── Stored data ──

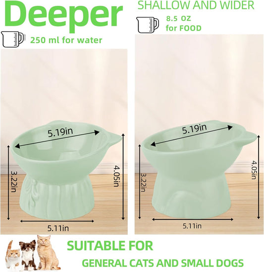 2Pcs Ceramic Elevated Cat Bowls, Extra Wide Raised Cat Bowls for Food and Water, Shallow Cat Food...
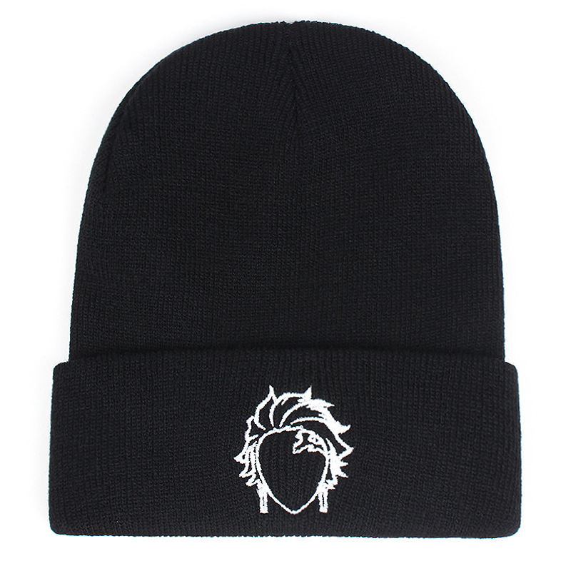 Embroidered Of Demon Slayer Blade Hat Winter Warm Woolen Hat Black
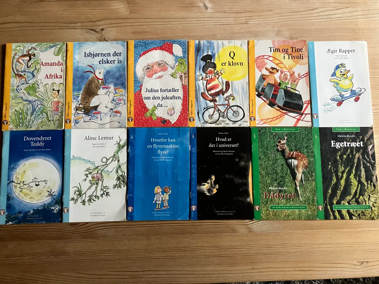 Dansklærerforeningen, 1999, 2000, 2001 og 2002, alle i paperback, illustreret og yderst velholdte. Der er følgende: Amanda i Afrika Isbjørnen der elsker is Julius fortæller om den juleaften, da ... Kat og konge Q er klovn Tim og Tine i Tivoli Tekst: Synnøve Lien og Kirsten Meldgaard Ægir Rapper Dovendyret Teddy Aline Lemur Tegnet og fortalt af Carl Quist Møller Hvorfor kan en flyvemaskine flyve? Hvad er der i universet? Tekst: Jimmy Stahr Dådyret Pindsvinet Egetræet Tekst: Malene Bendix Danskfidusens eventyr: Nr. 4: Den lille hvide kone Nr. 6. Ulven og de syv små gedekid Tekst: Synnøve Lien og Kirsten Meldgaard Pris 25 kr. pr. stk. Sendes gerne.
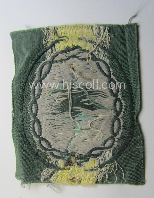 This is an attractive - fairly scarcely encountered 'variant'- ie. first-pattern! - WH (Heeres) 'Gebirgsjäger'- (ie. mountain-troopers-) related arm-badge, being a desirable example as was executed in the 'BeVo'-weave pattern on a typical field-grey- (NOT darker-green!) coloured background and that comes in an overall very nice- (ie. never used- ie. 'virtually mint'-) condition. The piece is neatly machine-embroidered in the so-called: 'BeVo'-weave-pattern on a field-grey-coloured (and/or linnen-based) background and is showing the famous 'Edelweiss' flower. The piece shows some minimal age and/or staining simply caused by decades of storage only: it came as 'straightly cut-of the role'. Simply a nice occasion to acquire a genuine, early- ie. 'first-pattern'- so-called 'Gebirgsjäger' (mountain-troopers) arm-badge for an interesting price!
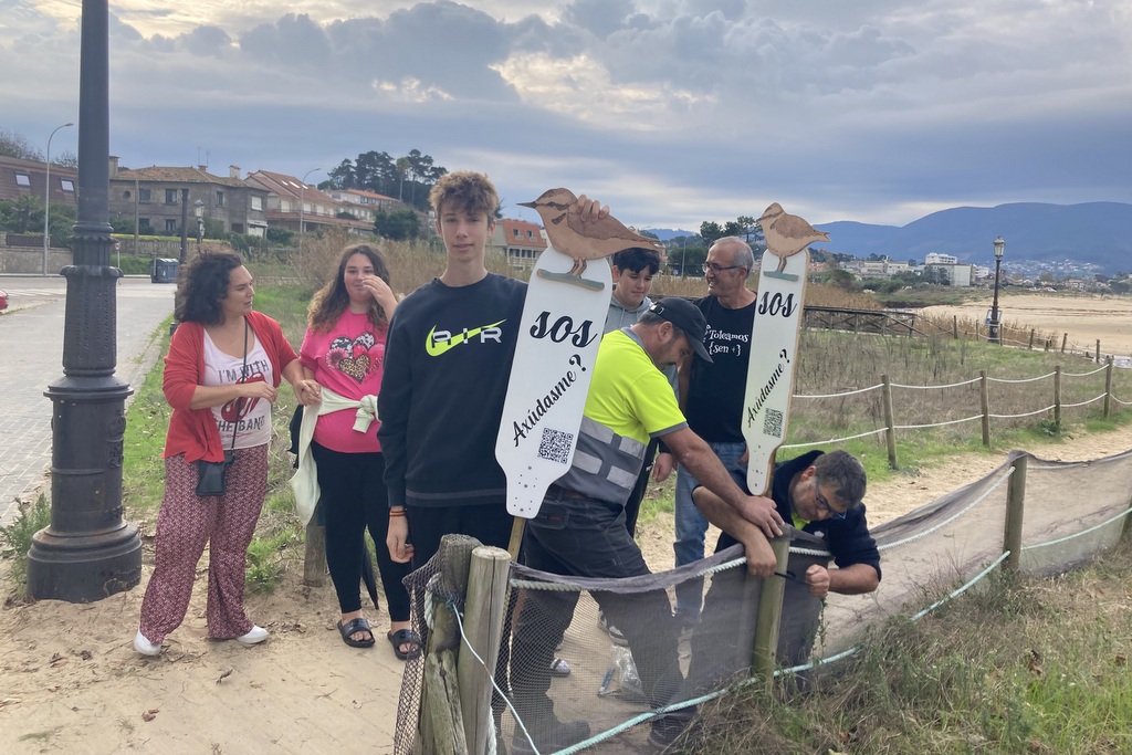 El Ayuntamiento de Nigrán une fuerzas con el CEE de Panxón para proteger a la píllara de las dunas, especie en peligro de extinción que subsiste en Playa América. Así, desde ayer, esta zona dunar cuenta con cuatro paneles informativos específicos situados en los principales accesos al arenal y que informan mediante un enlace a un código QR desde cómo identificar a esta ave hasta los consejos para no perturbar su presencia. Absolutamente todo, desde el propio panel (construido a base de monopatines reciclados en su taller de carpintería y con un relieve de una píllara), hasta la información vinculada (traducida al gallego, castellano e inglés) fue elaborada por los 20 alumnos que conforman el Centro de Educación Especial de Panxón, dedicado a chavalada desde Primaria a ESO con trastornos graves de conducta procedentes de toda Galicia y que están aquí en régimen de internado.
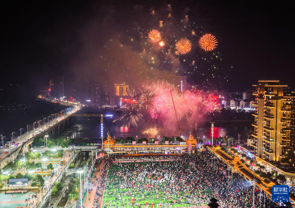 1月2日,人们在活动现场观看烟花表演(无人机照片)。
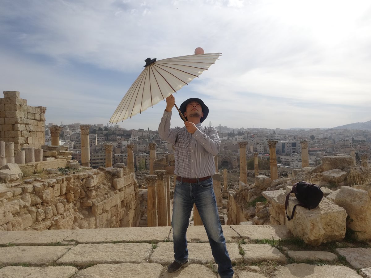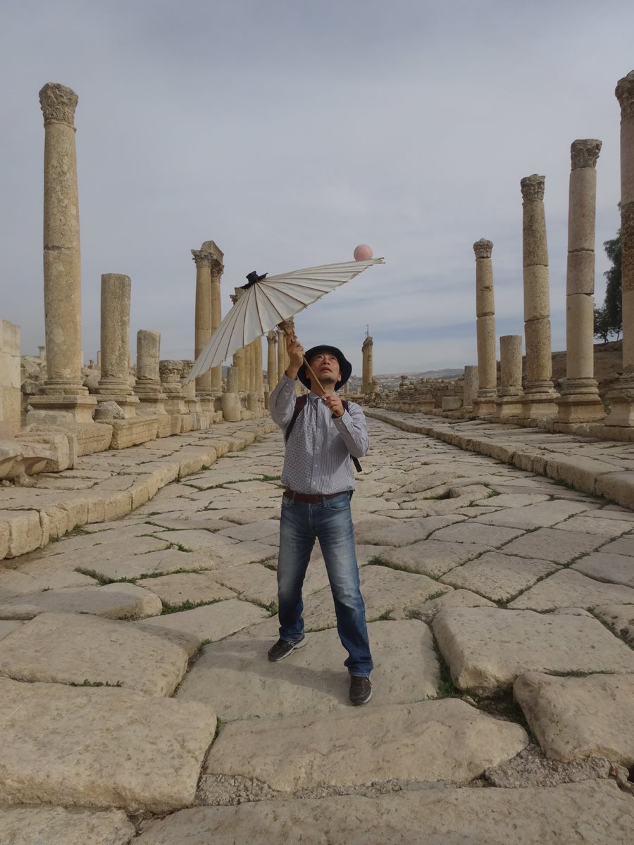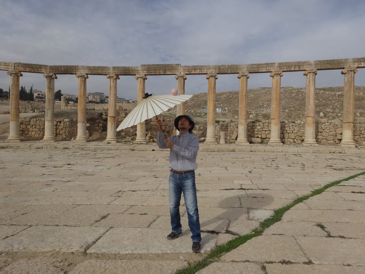 広場の真ん中で傘をまわすのもいいものです。
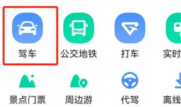 打开高德地图,点击上方的驾车功能。
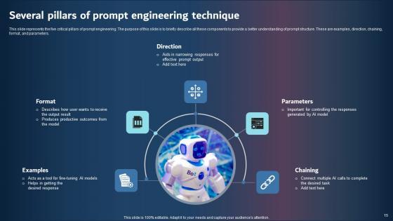 This slide represents the five critical pillars of prompt engineering. The purpose of this slide is to briefly describe all these components to provide a better understanding of prompt structure. These are examples, direction, chaining, format, and parameters. This modern and well-arranged Several Pillars Of Prompt Engineering Technique Summary Pdf provides lots of creative possibilities. It is very simple to customize and edit with the Powerpoint Software. Just drag and drop your pictures into the shapes. All facets of this template can be edited with Powerpoint, no extra software is necessary. Add your own material, put your images in the places assigned for them, adjust the colors, and then you can show your slides to the world, with an animated slide included. This slide represents the five critical pillars of prompt engineering. The purpose of this slide is to briefly describe all these components to provide a better understanding of prompt structure. These are examples, direction, chaining, format, and parameters.
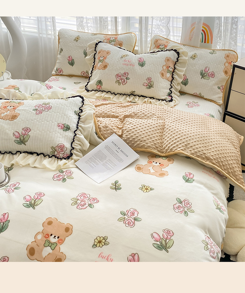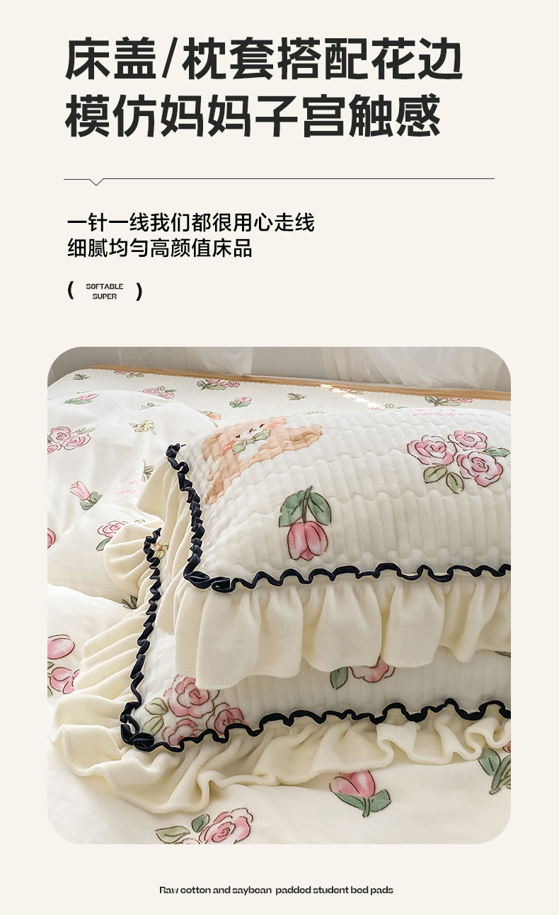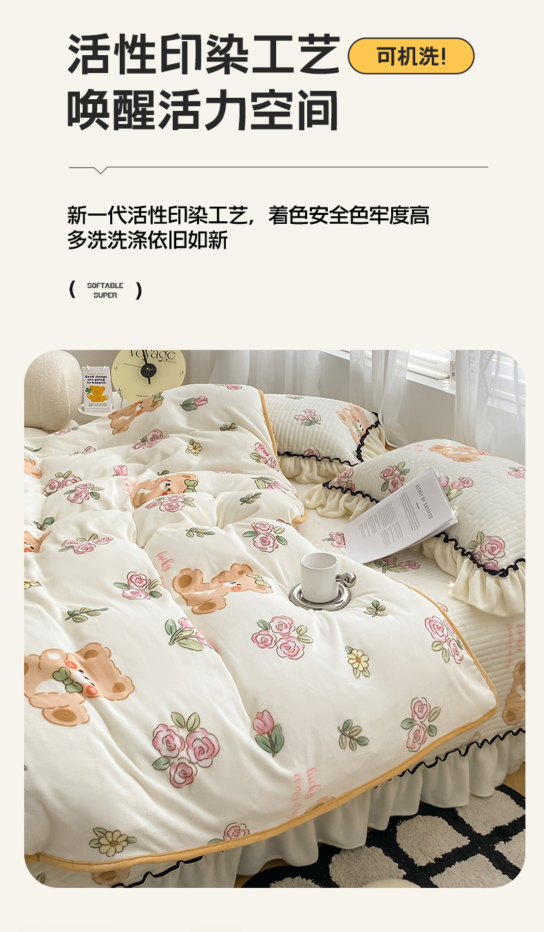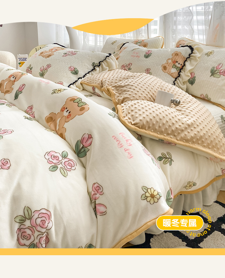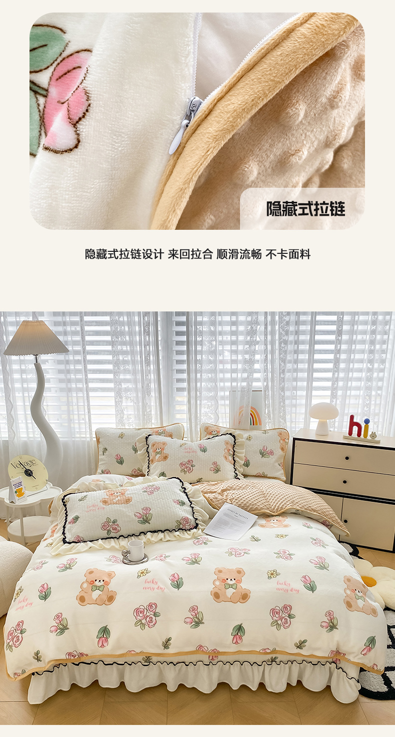 当前位置: 91家纺网 > 商品网购 > 床品套件 > 四件套 > 牛奶绒四件套 > 格真 2024新款加厚保暖豆豆绒牛奶绒单床盖被套三件套四件套 玫瑰恋语
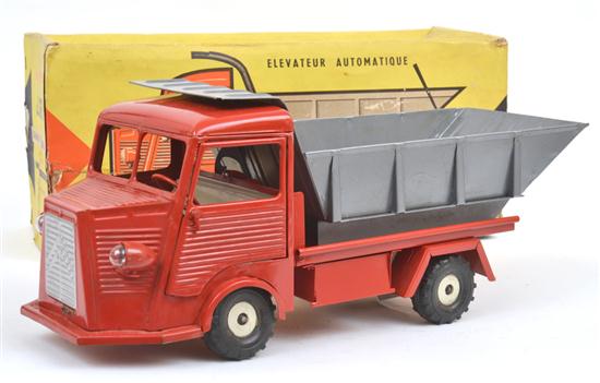 J.R.D 294E GRANDE BENNE BASCULANTE (LARGE DUMP TRUCK - FRANCE), TINPLATE, RED CAB AND CHASSIS, SILVER SPRING-LOADED TIPPER, LIGHT GLOBE HEADLIGHTS, BOXED (G BOX F) 19CM X 45CM X 17CM
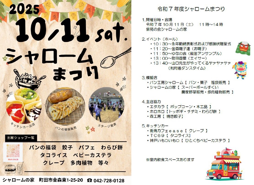 「シャロームまつり」今年もやりますよ! 2025 10/08 シャロームの家 2025年10月8日 シャロームの家 おまつり イベント シャロームの家 町田 よかったらシェアしてね! URLをコピーしました! URLをコピーしました! パン工房シャローム 臨時休業のお知らせ この記事を書いた人 sionnokai 関連記事 パン工房シャローム 臨時休業のお知らせ 2025年10月6日 9/12(金)防災訓練の為の電話等通信機器不通のお知らせ 2025年9月11日 紫苑の会後援会より「歌声ひろば」19周年チャリティーコンサート開催のお知らせ 2025年8月28日 パン工房シャローム 8月・9月の営業日程 2025年8月12日 パン工房シャロームより重要なお知らせとお詫び 2025年6月25日 町田市役所『ハッピーかわせみ』7月・8月販売日程 2025年6月19日 アルミ缶回収 始めました! 2025年6月9日 「パン工房シャローム」インスタグラムはじめました 2025年5月30日 コメント コメントする コメントをキャンセルコメント ※ 名前 ※ メール ※ サイト 次回のコメントで使用するためブラウザーに自分の名前、メールアドレス、サイトを保存する。 上に表示された文字を入力してください。
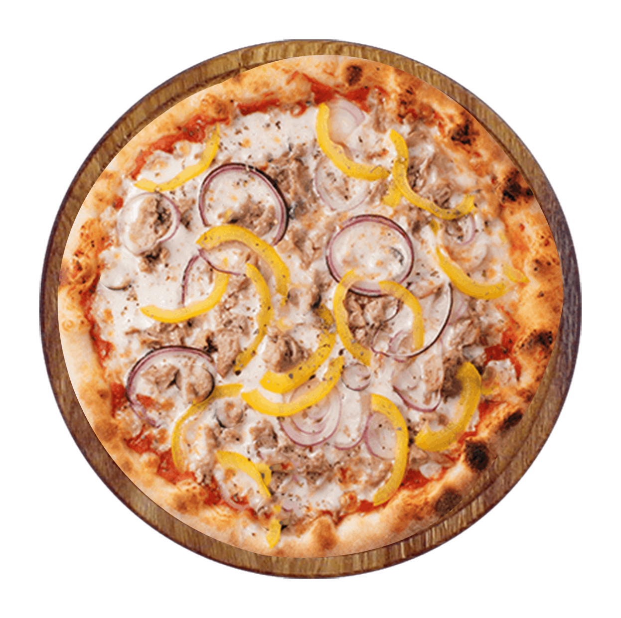 Sauce tomate, mozzarella, thon, poivrons, oignons, tomates fraîches.

───

## [Work instruction]
Could you write out every line above exactly as it stands, with no images?

## [Result of the task]
 2Pcs Ceramic Elevated Cat Bowls, Extra Wide Raised Cat Bowls for Food and Water, Shallow Cat Food...
 Embroidered Of Demon Slayer Blade Hat Winter Warm Woolen Hat Black
 Dansklærerforeningen, 1999, 2000, 2001 og 2002, alle i paperback, illustreret og yderst velholdte. Der er følgende: Amanda i Afrika Isbjørnen der elsker is Julius fortæller om den juleaften, da ... Kat og konge Q er klovn Tim og Tine i Tivoli Tekst: Synnøve Lien og Kirsten Meldgaard Ægir Rapper Dovendyret Teddy Aline Lemur Tegnet og fortalt af Carl Quist Møller Hvorfor kan en flyvemaskine flyve? Hvad er der i universet? Tekst: Jimmy Stahr Dådyret Pindsvinet Egetræet Tekst: Malene Bendix Danskfidusens eventyr: Nr. 4: Den lille hvide kone Nr. 6. Ulven og de syv små gedekid Tekst: Synnøve Lien og Kirsten Meldgaard Pris 25 kr. pr. stk. Sendes gerne.
 This is an attractive - fairly scarcely encountered 'variant'- ie. first-pattern! - WH (Heeres) 'Gebirgsjäger'- (ie. mountain-troopers-) related arm-badge, being a desirable example as was executed in the 'BeVo'-weave pattern on a typical field-grey- (NOT darker-green!) coloured background and that comes in an overall very nice- (ie. never used- ie. 'virtually mint'-) condition. The piece is neatly machine-embroidered in the so-called: 'BeVo'-weave-pattern on a field-grey-coloured (and/or linnen-based) background and is showing the famous 'Edelweiss' flower. The piece shows some minimal age and/or staining simply caused by decades of storage only: it came as 'straightly cut-of the role'. Simply a nice occasion to acquire a genuine, early- ie. 'first-pattern'- so-called 'Gebirgsjäger' (mountain-troopers) arm-badge for an interesting price!
 El Ayuntamiento de Nigrán une fuerzas con el CEE de Panxón para proteger a la píllara de las dunas, especie en peligro de extinción que subsiste en Playa América. Así, desde ayer, esta zona dunar cuenta con cuatro paneles informativos específicos situados en los principales accesos al arenal y que informan mediante un enlace a un código QR desde cómo identificar a esta ave hasta los consejos para no perturbar su presencia. Absolutamente todo, desde el propio panel (construido a base de monopatines reciclados en su taller de carpintería y con un relieve de una píllara), hasta la información vinculada (traducida al gallego, castellano e inglés) fue elaborada por los 20 alumnos que conforman el Centro de Educación Especial de Panxón, dedicado a chavalada desde Primaria a ESO con trastornos graves de conducta procedentes de toda Galicia y que están aquí en régimen de internado.
 1月2日,人们在活动现场观看烟花表演(无人机照片)。
 広場の真ん中で傘をまわすのもいいものです。
 打开高德地图,点击上方的驾车功能。
 This slide represents the five critical pillars of prompt engineering. The purpose of this slide is to briefly describe all these components to provide a better understanding of prompt structure. These are examples, direction, chaining, format, and parameters. This modern and well-arranged Several Pillars Of Prompt Engineering Technique Summary Pdf provides lots of creative possibilities. It is very simple to customize and edit with the Powerpoint Software. Just drag and drop your pictures into the shapes. All facets of this template can be edited with Powerpoint, no extra software is necessary. Add your own material, put your images in the places assigned for them, adjust the colors, and then you can show your slides to the world, with an animated slide included. This slide represents the five critical pillars of prompt engineering. The purpose of this slide is to briefly describe all these components to provide a better understanding of prompt structure. These are examples, direction, chaining, format, and parameters.
 当前位置: 91家纺网 > 商品网购 > 床品套件 > 四件套 > 牛奶绒四件套 > 格真 2024新款加厚保暖豆豆绒牛奶绒单床盖被套三件套四件套 玫瑰恋语
 J.R.D 294E GRANDE BENNE BASCULANTE (LARGE DUMP TRUCK - FRANCE), TINPLATE, RED CAB AND CHASSIS, SILVER SPRING-LOADED TIPPER, LIGHT GLOBE HEADLIGHTS, BOXED (G BOX F) 19CM X 45CM X 17CM
 「シャロームまつり」今年もやりますよ! 2025 10/08 シャロームの家 2025年10月8日 シャロームの家 おまつり イベント シャロームの家 町田 よかったらシェアしてね! URLをコピーしました! URLをコピーしました! パン工房シャローム 臨時休業のお知らせ この記事を書いた人 sionnokai 関連記事 パン工房シャローム 臨時休業のお知らせ 2025年10月6日 9/12(金)防災訓練の為の電話等通信機器不通のお知らせ 2025年9月11日 紫苑の会後援会より「歌声ひろば」19周年チャリティーコンサート開催のお知らせ 2025年8月28日 パン工房シャローム 8月・9月の営業日程 2025年8月12日 パン工房シャロームより重要なお知らせとお詫び 2025年6月25日 町田市役所『ハッピーかわせみ』7月・8月販売日程 2025年6月19日 アルミ缶回収 始めました! 2025年6月9日 「パン工房シャローム」インスタグラムはじめました 2025年5月30日 コメント コメントする コメントをキャンセルコメント ※ 名前 ※ メール ※ サイト 次回のコメントで使用するためブラウザーに自分の名前、メールアドレス、サイトを保存する。 上に表示された文字を入力してください。
 Sauce tomate, mozzarella, thon, poivrons, oignons, tomates fraîches.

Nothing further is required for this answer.